Updates the Gearing Token implementation reference in the factory.

Market

Create and deploy new markets

// AccessManager.sol
function createMarket(
        ITermMaxFactory factory,
        bytes32 gtKey,
        MarketInitialParams calldata deployParams,
        uint256 salt
    ) external onlyRole(DEFAULT_ADMIN_ROLE) returns (address market)

Deploys new markets

Ownership

Transfer ownership of an contract

// AccessManager.sol
function transferOwnership(IOwnable entity, address to) external onlyRole(DEFAULT_ADMIN_ROLE)

Transfers ownership of ownable contracts

Accept ownership of an contract

// AccessManager.sol
function acceptOwnership(IOwnable entity) external onlyRole(DEFAULT_ADMIN_ROLE)

Accepts ownership of contracts

Upgradability

Upgrade contracts

// AccessManager.sol
function upgradeSubContract(UUPSUpgradeable proxy, address newImplementation, bytes memory data)
        external
        onlyRole(DEFAULT_ADMIN_ROLE)

Upgrades proxies using UUPS pattern

Contract Integration

Whitelist external adapters for contract integrations

// AccessManager.sol
function setAdapterWhitelist(ITermMaxRouter router, address adapter, bool isWhitelist)
        external
        onlyRole(DEFAULT_ADMIN_ROLE)

Controls which swap adapters are allowed

Oracles

Update oracle source for an asset

// AccessManager.sol
function submitPendingOracle(IOracle aggregator, address asset, IOracle.Oracle memory oracle)
        external
        onlyRole(DEFAULT_ADMIN_ROLE)

Submits new oracles

Accept new submitted oracle source for an asset

// AccessManager.sol
function acceptPendingOracle(IOracle aggregator, address asset) external onlyRole(DEFAULT_ADMIN_ROLE)

Accepts pending oracles

2. Pauser (`PAUSER_ROLE`)

Description: Role with permissions to pause/unpause contracts as a safety measure during emergencies.Controlled Functions:

Pause or Unpause a pausable contract

// AccessManager.sol
function setSwitch(IPausable entity, bool state) external onlyRole(PAUSER_ROLE)

Pauses or unpauses protocol functionalities

3. Configurator (`CONFIGURATOR_ROLE`)

Description: Role with permissions to configure aspects of the system such as market parameters and fee settings.Controlled Functions:

Update market config including treasury address and fee configs

// AccessManager.sol
function updateMarketConfig(ITermMaxMarket market, MarketConfig calldata newConfig)
        external
        onlyRole(CONFIGURATOR_ROLE)

Updates market configuration

Update Gearing Token (GT) config to set collateral capacity

// AccessManager.sol
function updateGtConfig(ITermMaxMarket market, bytes memory configData) external onlyRole(CONFIGURATOR_ROLE)

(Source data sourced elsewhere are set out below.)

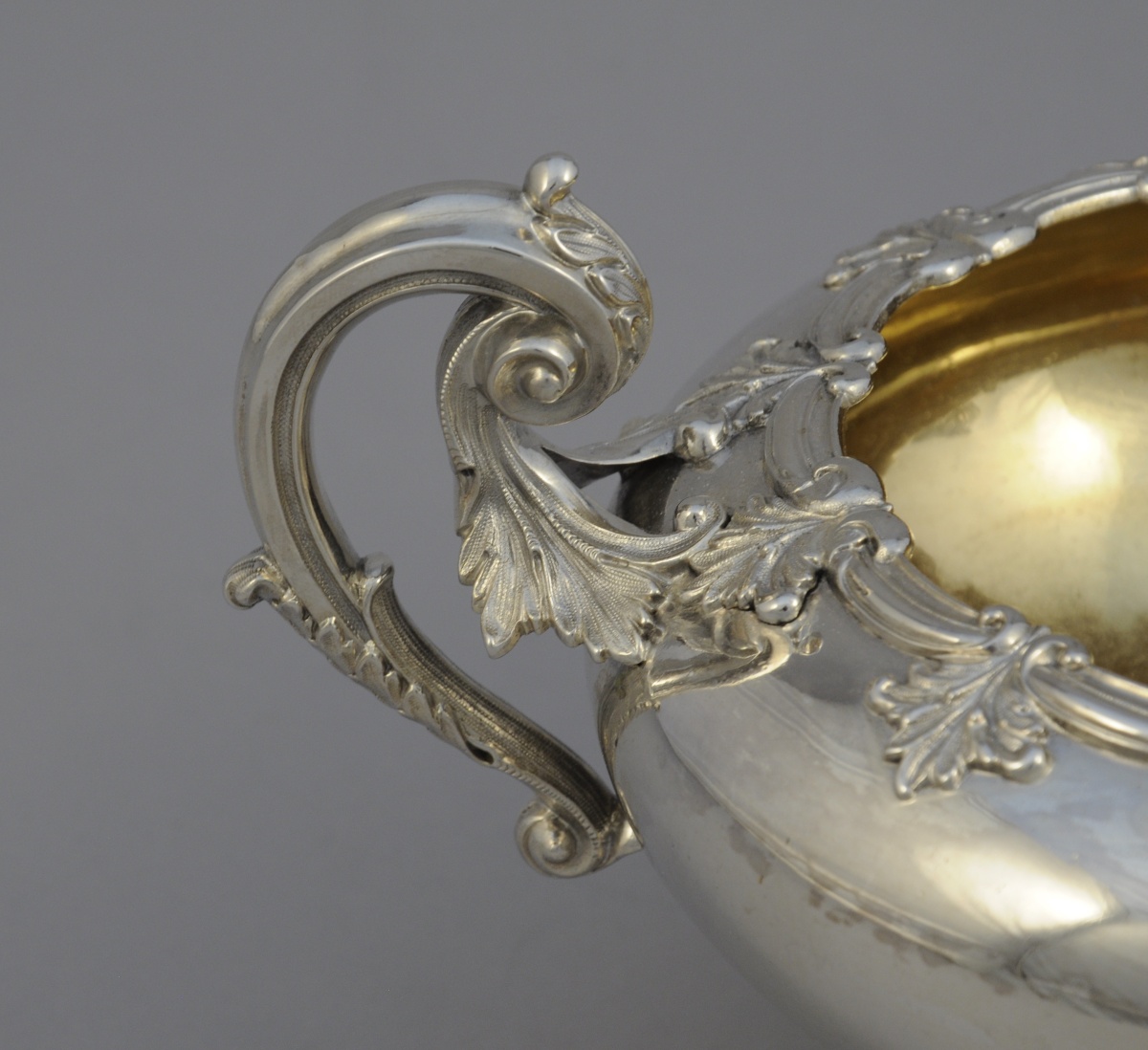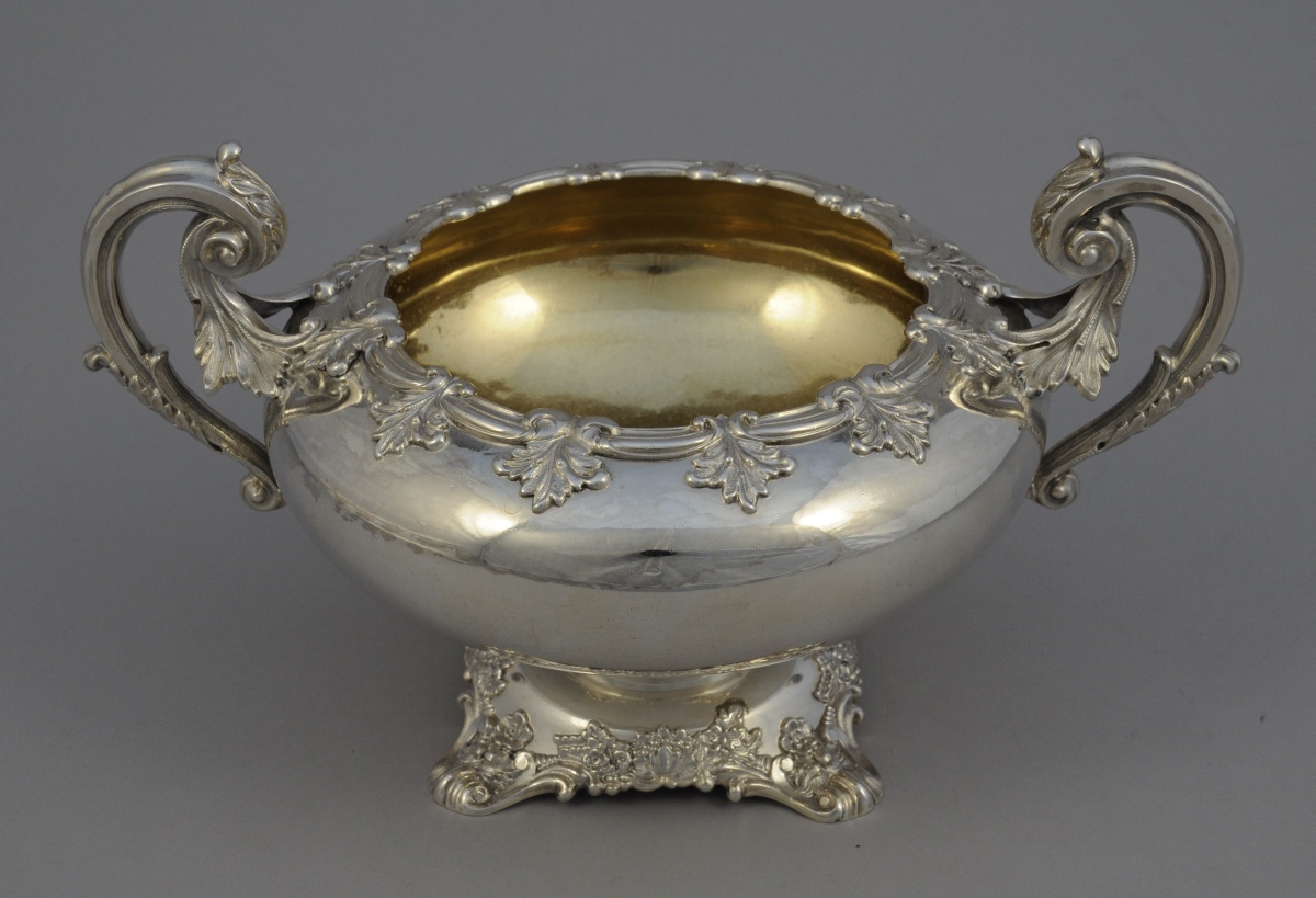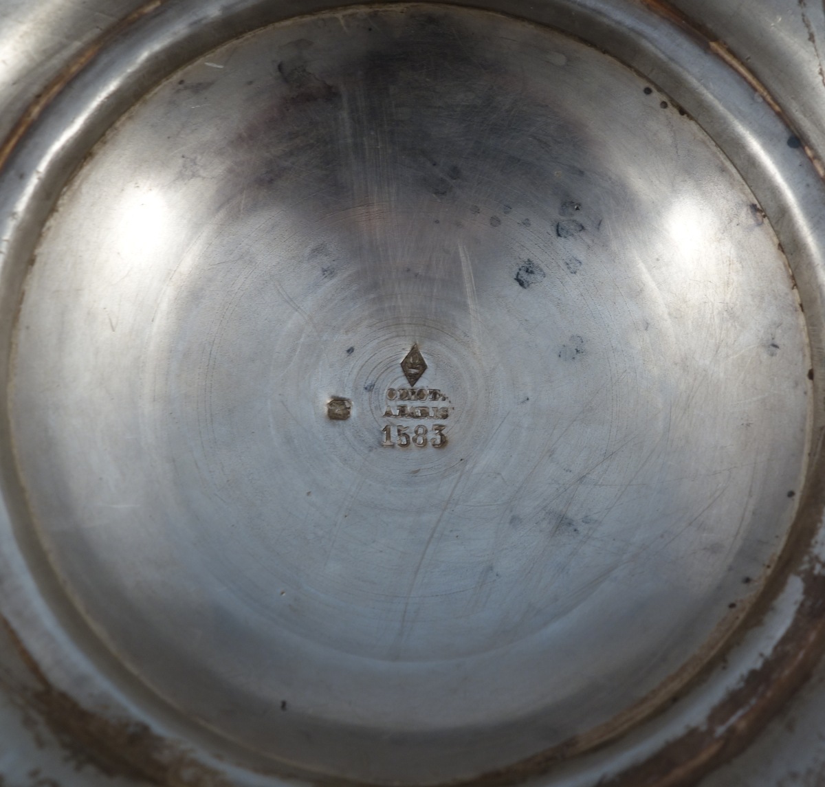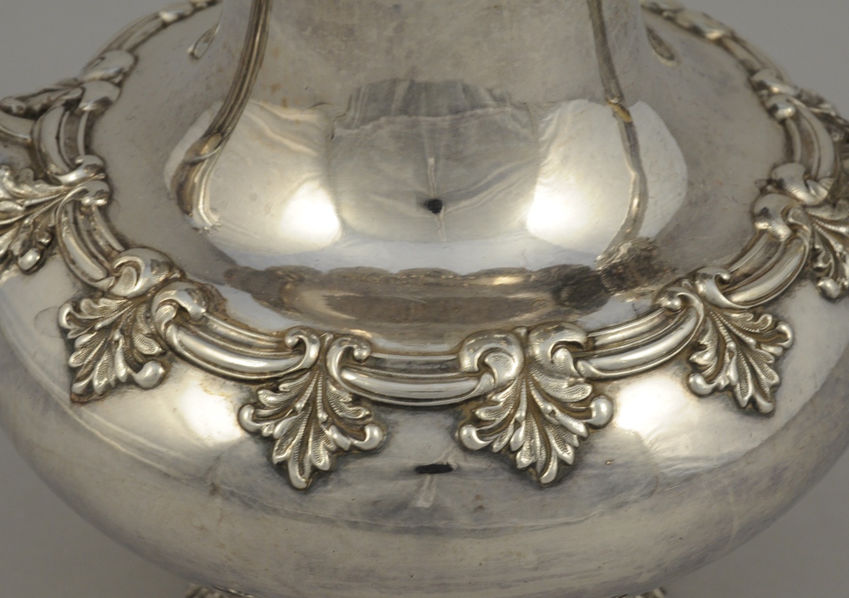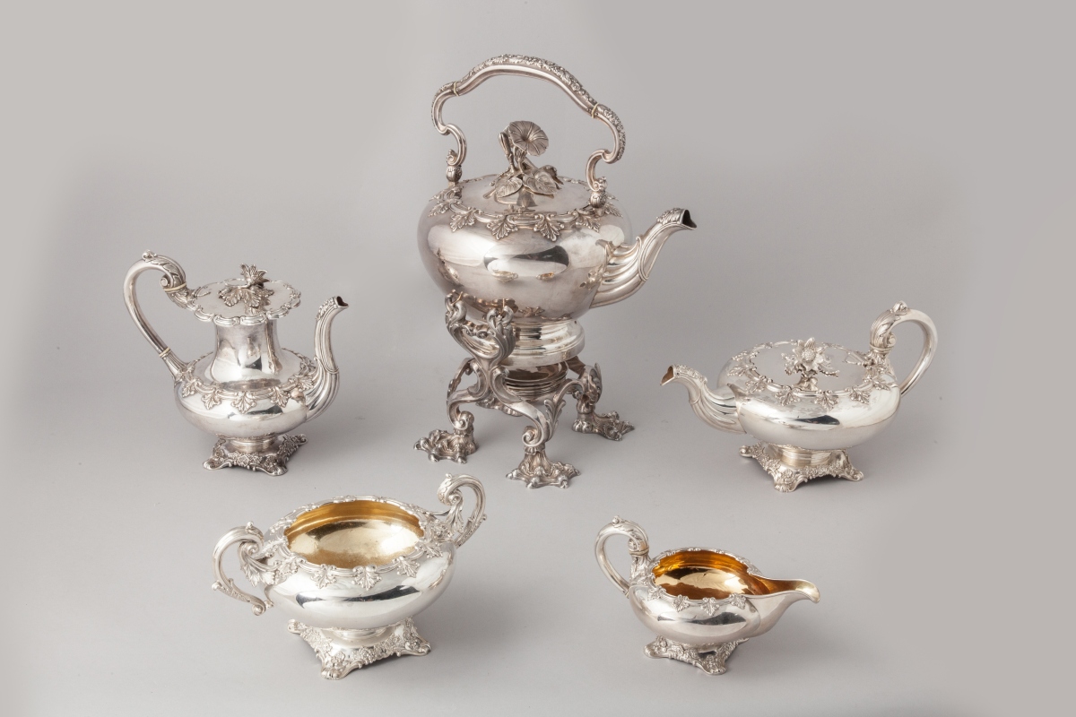 Décor de frises d'agrafes alternées de feuilles d'acanthe et motifs floraux. Il se compose d'un samovar et de son réchaud, d'une théière, d'une cafetière, d'un sucrier et d'un pot-à-lait. Le samovar à anse en accolade baguée d'ivoire, le bec-verseur godronné. Le fretel figurant deux fleurs épanouies et un bouton sur une terrasse feuillagée. Support reposant sur piètement quadripode à pattes de canard. Les autres pièces à anse volute baguée d'ivoire. Le sucrier à anses latérales à attaches feuillagées. Reposent sur un piètement à quatre pieds à enroulements.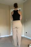 レビュー: カーキリネンパンツワイドレッグ弾性ウエストサマーパンツ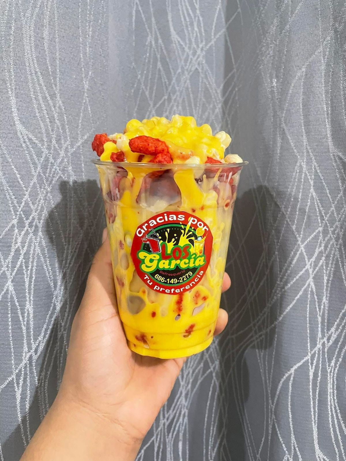 queso de nachos,elote,queso cotija,mayonesa,crema,mantequiilla y chetos flamit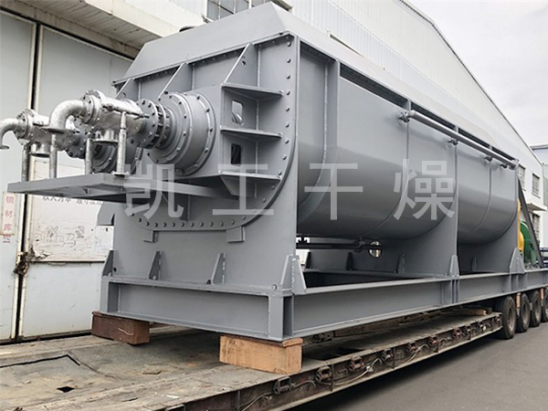 空心軸上密集排列著楔型中空漿葉,熱介質(zhì)經(jīng)空心軸流經(jīng)漿葉。單位有效容積內(nèi)傳熱面積很大,熱介質(zhì)溫度從-40℃到320℃,可以是水蒸汽,也可以是液體型:如熱水、導(dǎo)熱油等。間接傳導(dǎo)加熱,沒有攜帶空氣帶走熱量,熱量均用來加熱物料。熱量損失僅為通過器體保溫層向環(huán)境的散熱。楔型漿葉傳熱面具有自清潔功能。物料顆粒與楔型面的相對(duì)運(yùn)動(dòng)產(chǎn)生洗刷作用,能夠洗刷掉楔型面上附著物料,使運(yùn)轉(zhuǎn)中一直保持著清潔的傳熱面。漿葉干燥機(jī)的殼體為Ω型,殼體內(nèi)一般安排二到四根空心攪拌軸。殼體有密封端蓋與上蓋,防止物料粉塵外泄而充分發(fā)揮作用。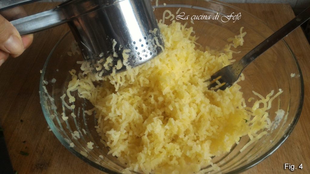 Quand les champignons ont refroidi, ajoutez-les à la purée de pommes de terre (fig. 5). À ce stade, ajoutez l’œuf, une pincée de sel et de poivre à votre goût (fig. 6).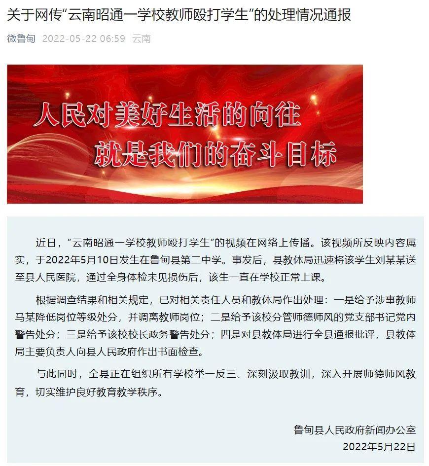 經搜索發現,這段視頻發生於2022年雲南魯甸縣第二中學,且當地已發佈官方通報進行了調查處理,而非事發今年的“四川成都”。目前,視頻發佈者已刪除相關視頻。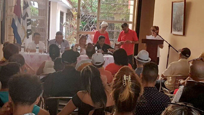 Los miembros de la filial granmense de la Asociación Cubana de Artesanos Artistas, ACAA, debaten este viernes, en la ciudad de Bayamo, el trabajo realizado en los últimos ocho años.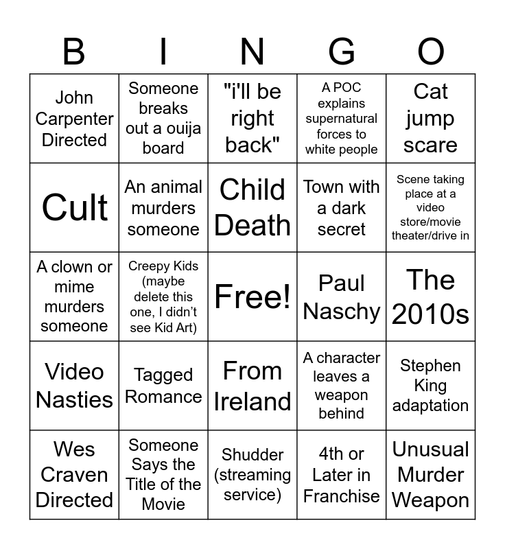 This bingo card has a free space and 77 words: black person dies first, Cops ignore/don’t believe the danger, "i'll be right back", car won't start, The ending teases a sequel, A harbinger of doom warns the protagonist, creepy kid art, library scene, Killer’s backstory exposition dump, Nudity, Dog Death, Cat Death, Child Death, Cult, Bad Scientific Explanation, Creepy Kids (maybe delete this one, I didn’t see Kid Art), Final girl, Unusual Murder Weapon, Haunted Technology, Cat jump scare, “Based on a True Story”, A clown or mime murders someone, An animal murders someone, Someone breaks out a ouija board, A POC explains supernatural forces to white people, A lovecraftian type story with no exposition just mysterious (I don’t know how to describe it), Sudden change in weather, Someone investigates a strange noise, An escape room type situation with torture, Toxic Waste/Ooze/Sludge/Slime, A character watches a horror movie, A himbo ignoring warning signs, Exorcisms/ Christian horror stuff (first omen as an example), A character leaves a weapon behind, Scene taking place at a video store/movie theater/drive in, Town with a dark secret, Fake rubber bat, Prior to 1950s, The 2010s, 4th or Later in Franchise, From Japan, From Australia, From South Korea, From Italy, From France, From South America, Wes Craven Directed, John Carpenter Directed, Roger Corman (Director or Producer), Directed by a Woman, Directed by a Person of Color, From Ireland, From Indonesia, From Hong Kong, From George A. Romero, From Clive Barker, Chrisopher Lee or Vincent Price, Universal Monsters, Featuring an ‘80s Scream Queen, Slasher, Tagged Romance, Tagged Comedy, Blumhouse, From Sam Raimi, Tagged Sci-fi, From Amicus or Hammer Studios, Tagged Drama, Paul Naschy, Found footage, Tagged Music, Queer filmmaker, Stephen King adaptation, Video Nasties, Someone Says the Title of the Movie, Silent Film, Shudder (streaming service) and Tubi (streaming service).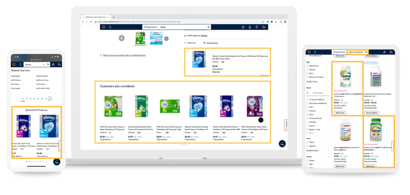 Finally, we recommend signing up for the Walmart advertising platform. Walmart Sponsored Products service is the best way to rapidly expand your reach to a massive audience. Much like Amazon Sponsored Ads, there are three ad placements:
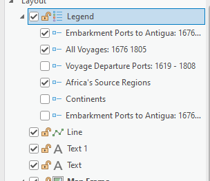 Clear your selection on the Map tab, pull down the new layer under your Embarkment Ports layer, and turn off the original Voyage layer. Rename your new layer to remove any “data speak”, but make sure to keep the dates.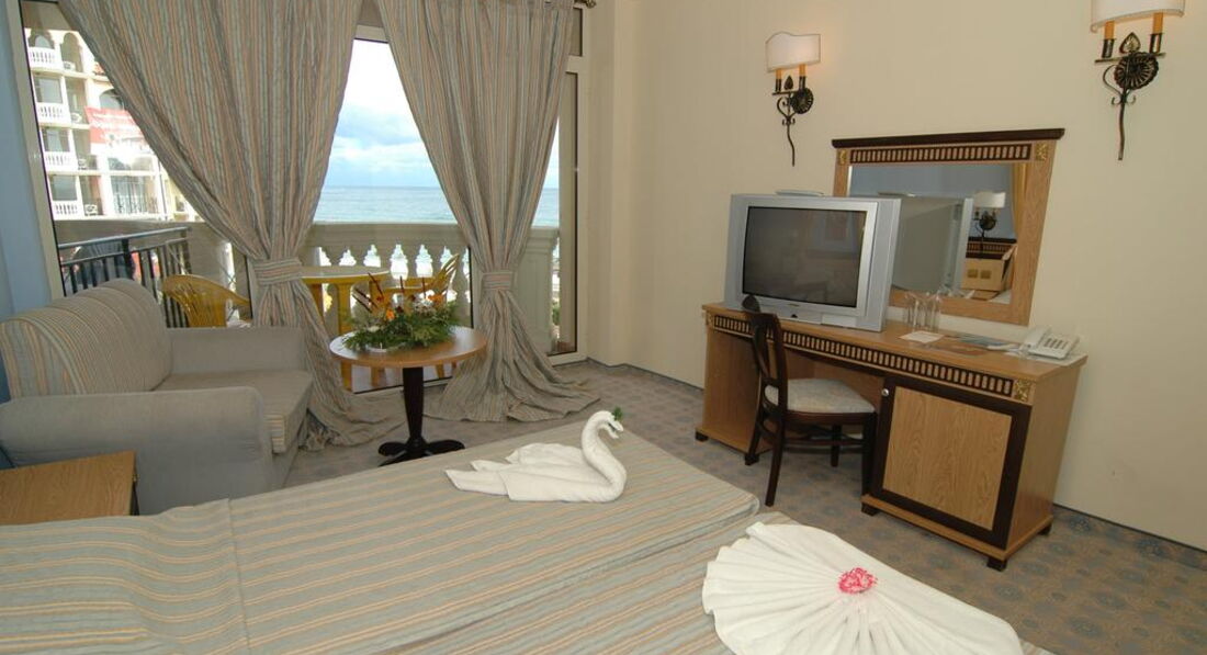 Приехали СанМаром из Москвы. В отеле были в 8 утра. Заселили одну семью только в 14.30, а вторую аж в 17.00. При этом ни деньги не помогли ни ругань (нет мест и всё тут!) и это при том, что приехавшим только что Болгарам ключи выдавали на наших глазах мгновенно.((( Хотя и всё оплачено на ALL, даже пообедать разрешили только детям (не одевали браслеты до заселения). ВСЕ общественные туалеты просто ужасны, грязь и вонь! Работал один единственный лифт, очередь собиралась огромная, топать на 6 этаж тяжело после пляжа. Уборка во всём отеле на нуле!! За весь отдых в номере выносили только мусорное ведро и то не всегда, постельное бельё положили на кровать с намёком - надо, сами поменяете (и то не всем дали). Тёк унитаз, в ванной стояла лужа. Двое детей спали вместе на раскладном диване, для взрослых матрасы раздельные. Еда однообразная изо дня в день, и то что не доели на обед, дают заветренное на ужин (хотя всегда есть рыба, мясо, курятина, картошка и макароны во всех интерпритациях). Детей в принципе есть чем накормить, но супы невкусные и пересоленные всегда. Из фруктов были никтарины, персики, апельсины, 2 раза абрикосы, яблоки и арбуз так себе. Мороженое ничего вроде. Из алкоголя пили только пиво (съедобно) и какие-то кактейли зеленые в ночном клубе (народу там мало и контингент совсем не айс). Пляж грязноват (много окурков и пластиковых стаканчиков), мало лежаков. Вход в море песок, затем пару метров камней и снова песок. Намывало водоросли после обеда с волнами. Анимацией пользовались только детской, девочки из Корела хорошо отрабатывают деньги (всегда чем то дети заняты, то рисуют, то зарядка, то на пляже что-то ваяют). В аквапарке бассейны холодные как и везде, ужасная вонь на лестницах на горки и по всюду размазанные какашки (даже на лежаках), не убираются совсем. В бар оооочень большая очередь даже за водой или соком деткам. Сама территория всех отелей очень большая и зеленая. За всеми отелями у горы дикий пляж с хорошим песком и отсутствием людей. Очень там понравилось, но пока не увидили змею...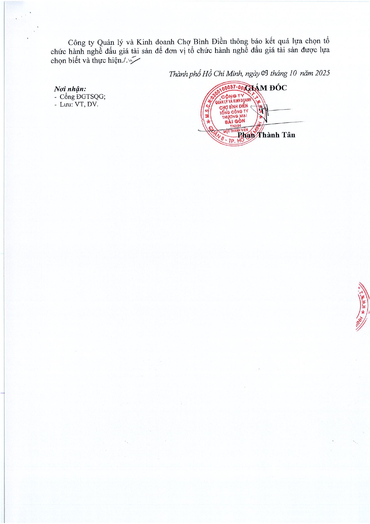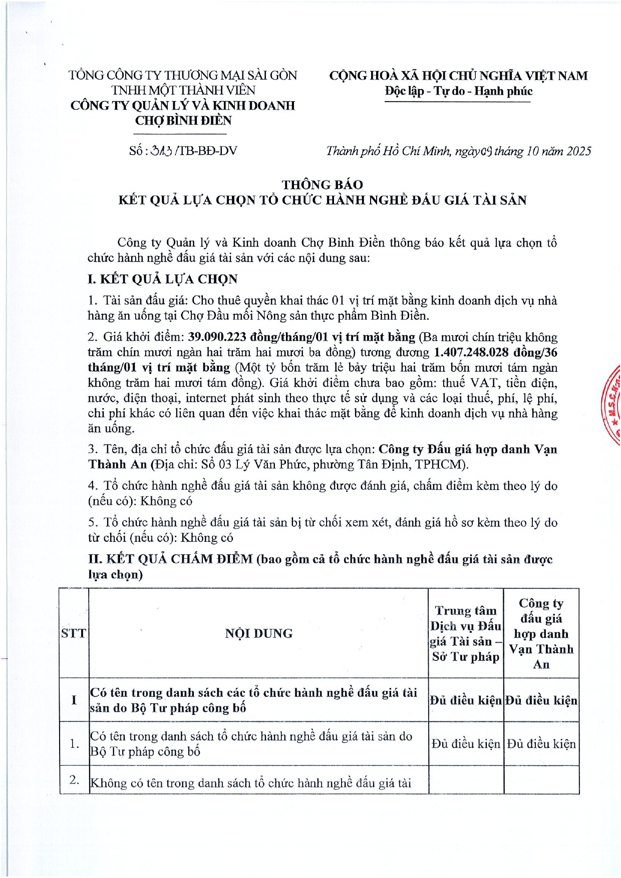 THÔNG BÁO KẾT QUẢ LỰA CHỌN TỔ CHỨC HÀNH NGHỀ ĐẤU GIÁ TÀI SẢN

Updates Gearing Token configuration

Update fee rate of an specific order

// AccessManager.sol
function updateOrderFeeRate(ITermMaxMarket market, ITermMaxOrder order, FeeConfig memory feeConfig)
        external
        onlyRole(CONFIGURATOR_ROLE)

Updates fee rates for orders

4. Vault Admin (`VAULT_ROLE`)

Description: Role with specific permissions to manage vaults.Controlled Functions:

Submit a new guaridan to a vault for apending apprvoval

// AccessManager.sol
function submitVaultGuardian(ITermMaxVault vault, address newGuardian) external onlyRole(VAULT_ROLE)

Revoke the pending guradian of a vault

// AccessManager.sol
function revokeVaultPendingGuardian(ITermMaxVault vault) external onlyRole(VAULT_ROLE)

Revoke the pending timelock settings of a vault

// AccessManager.sol
function revokeVaultPendingTimelock(ITermMaxVault vault) external onlyRole(VAULT_ROLE)

Revoke the pending market to be whitelisted of a vault

// AccessManager.sol
function revokeVaultPendingMarket(ITermMaxVault vault, address market) external onlyRole(VAULT_ROLE)

Set and update curator to a vault

// AccessManager.sol
function setCuratorForVault(ITermMaxVault vault, address newCurator) external onlyRole(VAULT_ROLE)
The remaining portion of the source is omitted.